Two different things: i) machines that were joined to domain and are unplugged from the LAN for protracted periods.  Security measure: a) in ActiveDirectory remove the computer(s) from the domain , or b) restrict the hours allowed to logon to basically none
ii) machines that do not belong to the domain, so-called standalone workstations (and basically any laptop someone brings in on their own)  On these machines someone who does have domain credentials can a) try connecting to shares on the network and when prompted that credentials failed try again they can provide domain\user credential with a password current on the server b) use Connect As to connect that way in the first place with alternate (ie domain)

So basically, if someone has a domain username and domain password, they can use most any machine, unless you prevent such connections with policies.  

The only way to prevent ii) would be to 1) servers refuse connections from non-domain workstations even if domain user credentials are given (I expect you may want to do this) 2) use secure network switches whereby MAC addresses of NICs of any and all boxes being attached have to be explicitely added to the network/a whitelist (even MAC addresses can be spoofed/counterfeited though) 3) have separate subnets for guest machines that can "surf the web" but not access the corporate subnet 4) implement IPSec.

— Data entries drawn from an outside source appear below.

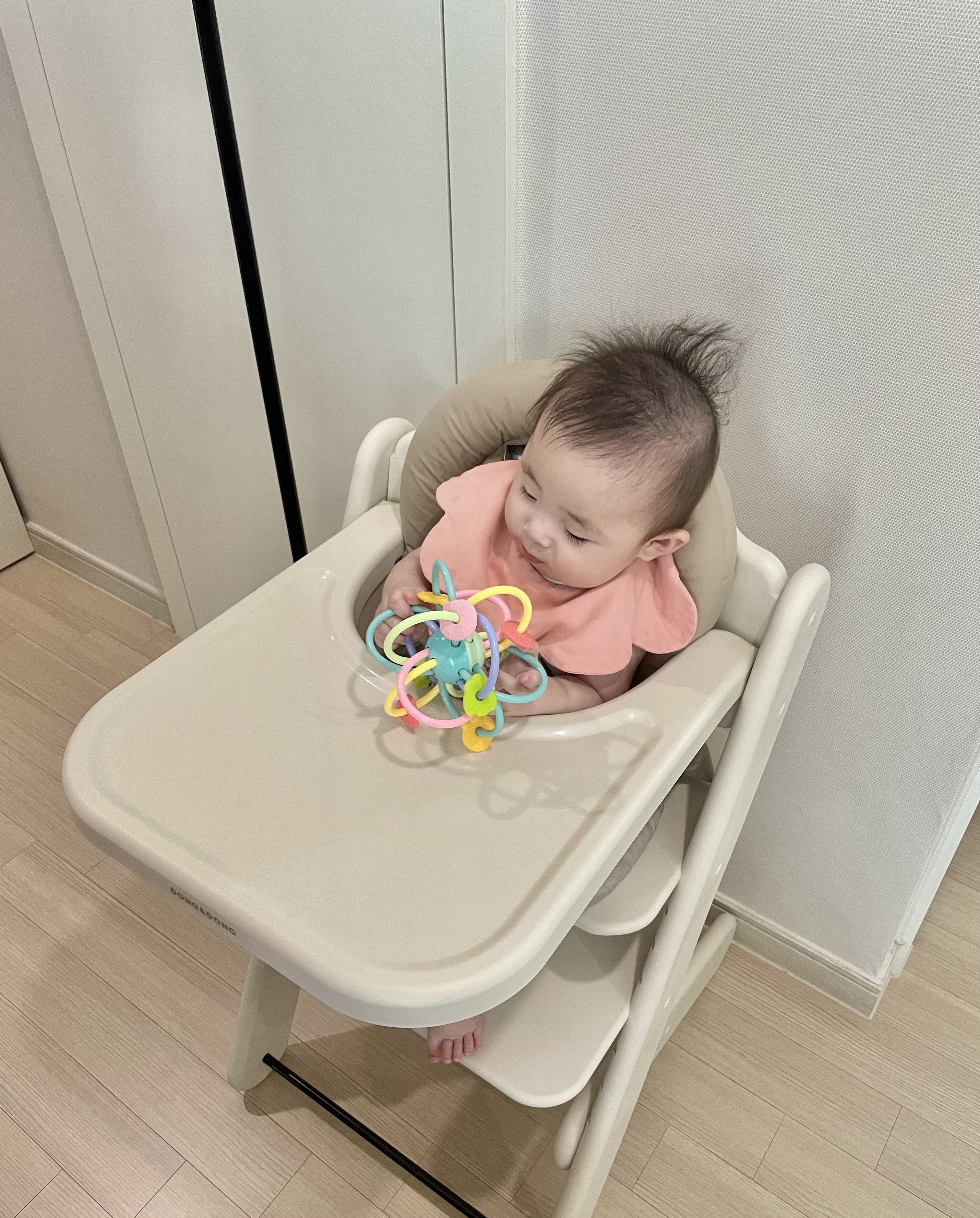 도노도노 하이체어는 이유식먹일 때 말고도 앉혀서 장난감을 주고 놀게 해도 잘 사용할 것 같더라구요! 다만 식판이 있다보니 앉힐때 아가를 보행기 태우듯이 안고 다리를 하나씩 넣어줘야하는데 조금 버거울 때도 있더라구요 ㅋㅋㅋ하지만 맘카페에서 찾아보니 도노도노 하이체어만 가지고 있는 단점이 아닌 이렇게 생긴 하이체어들은 다 그런거 같아서 그냥 그런가 보다 하고있습니다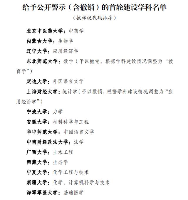 首轮一流学科中,有15所高校的16个学科被公开警示。公开警示学科,2023年接受再评价,再评价未通过的,将调出建设范围。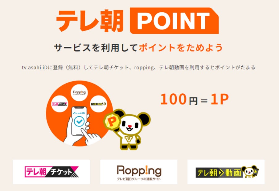 「テレ朝ポイント」は、テレビ朝日が提供する共通ID「tv asahi iD」の会員を対象に、動画配信サービス「テレ朝動画」や電子チケットサービス「テレ朝チケット」でのチケット購入、グループ会社の(株)ロッピングライフが運営する通販サイト「ロッピング」でのお買い物、テレビ朝日が実施するプレゼント応募等のキャンペーン参加で「テレ朝ポイント」を付与するサービスです。

IPSec encrypts all traffic on the TCP/IP corporately such that someone cannot just plug in their machine and start hacking away at your servers and computers with the added bonus that if the packet sniff or capture or network monitor (spy on) your traffic it is all encrypted.
Any WiFi access points would have to be managed also.
And in keeping with the security concerns of transferring files via USB ports/sticks, burning DVD/CDs, etc, there is also the possibility of WiFi (usually built-in on laptops) allowing peer-to-peer connections instead of only peer-to-access point.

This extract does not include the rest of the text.